PROVIDED DATA:
=== Section Start ===

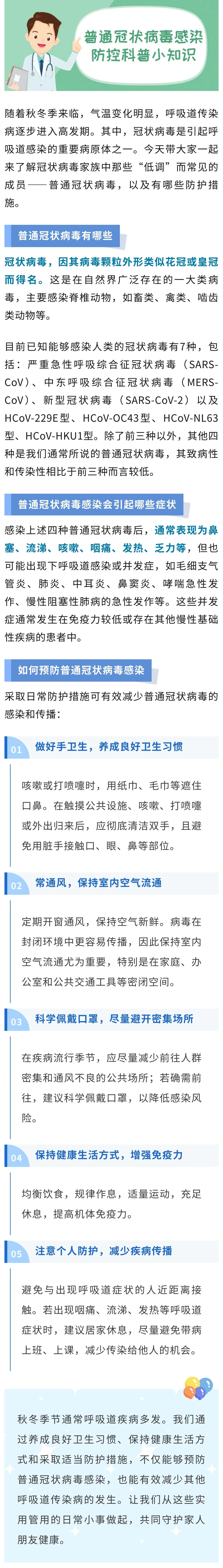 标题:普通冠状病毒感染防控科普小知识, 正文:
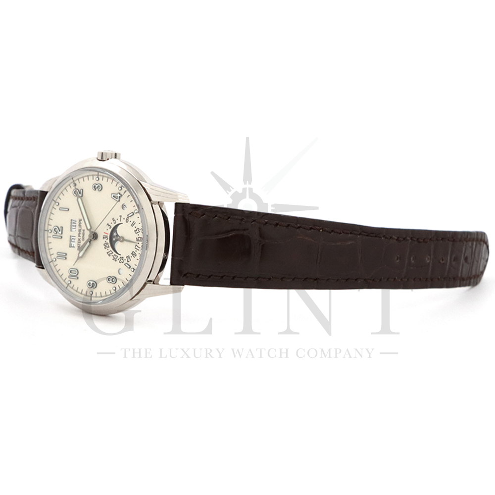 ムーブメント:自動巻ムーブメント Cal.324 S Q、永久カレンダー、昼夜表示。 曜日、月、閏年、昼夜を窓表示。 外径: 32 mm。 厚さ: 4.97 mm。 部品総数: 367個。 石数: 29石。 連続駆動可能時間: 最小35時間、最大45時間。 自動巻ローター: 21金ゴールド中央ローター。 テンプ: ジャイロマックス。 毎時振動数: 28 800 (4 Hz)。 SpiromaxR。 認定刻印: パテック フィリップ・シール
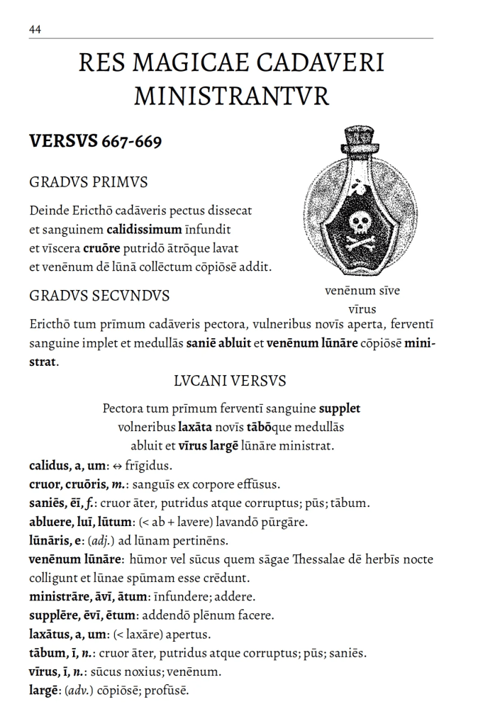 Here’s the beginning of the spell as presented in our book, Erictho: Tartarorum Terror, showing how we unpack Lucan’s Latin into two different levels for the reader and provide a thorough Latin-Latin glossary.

=== Section End ===

ASSIGNMENT: After removing the pictures, restate the whole listing above word for word.

COMPLETED EXERCISE:
 标题:普通冠状病毒感染防控科普小知识, 正文:
 ムーブメント:自動巻ムーブメント Cal.324 S Q、永久カレンダー、昼夜表示。 曜日、月、閏年、昼夜を窓表示。 外径: 32 mm。 厚さ: 4.97 mm。 部品総数: 367個。 石数: 29石。 連続駆動可能時間: 最小35時間、最大45時間。 自動巻ローター: 21金ゴールド中央ローター。 テンプ: ジャイロマックス。 毎時振動数: 28 800 (4 Hz)。 SpiromaxR。 認定刻印: パテック フィリップ・シール
 Here’s the beginning of the spell as presented in our book, Erictho: Tartarorum Terror, showing how we unpack Lucan’s Latin into two different levels for the reader and provide a thorough Latin-Latin glossary.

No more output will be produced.